┌─ Supplied data

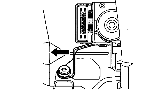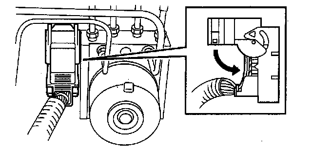 1. As shown in the figure, move the bracket in the direction of the arrow and remove the ABS HU/CM component and bracket from the body
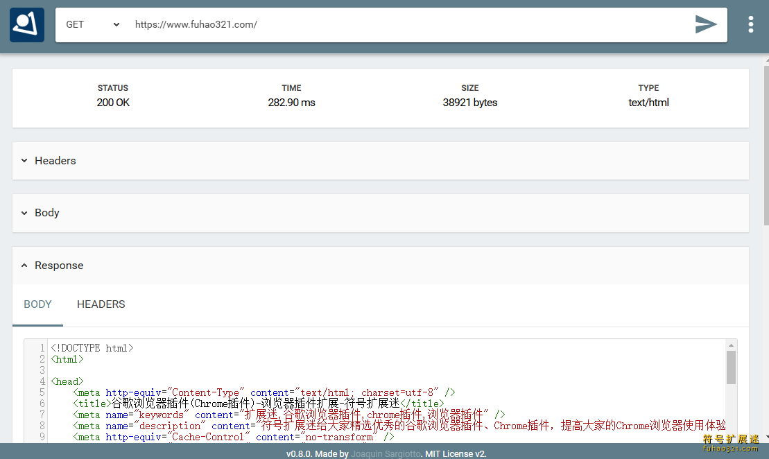 全部准备好之后,可以直接点发送按钮,或者使用快捷键 Ctrl+Enter。插件会立刻执行请求,返回的结果会在下方显示出来。
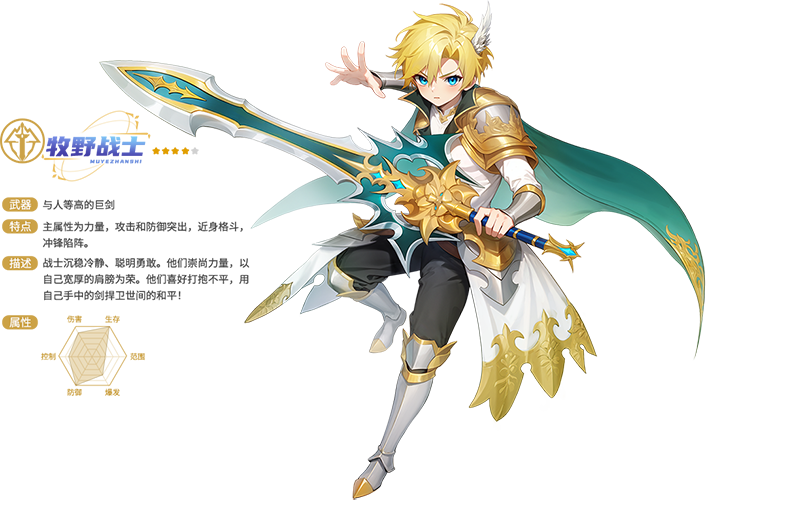 描述:战士沉稳冷静、聪明勇敢。他们崇尚力量,以自己宽厚的肩膀为荣。他们喜好打抱不平,用自己手中的剑捍卫世间的和平!

└─

◆ What is being asked: Could you print the listing above word for word, without its pictures?

◆ Solution to this task:
 1. As shown in the figure, move the bracket in the direction of the arrow and remove the ABS HU/CM component and bracket from the body
 全部准备好之后,可以直接点发送按钮,或者使用快捷键 Ctrl+Enter。插件会立刻执行请求,返回的结果会在下方显示出来。
 描述:战士沉稳冷静、聪明勇敢。他们崇尚力量,以自己宽厚的肩膀为荣。他们喜好打抱不平,用自己手中的剑捍卫世间的和平!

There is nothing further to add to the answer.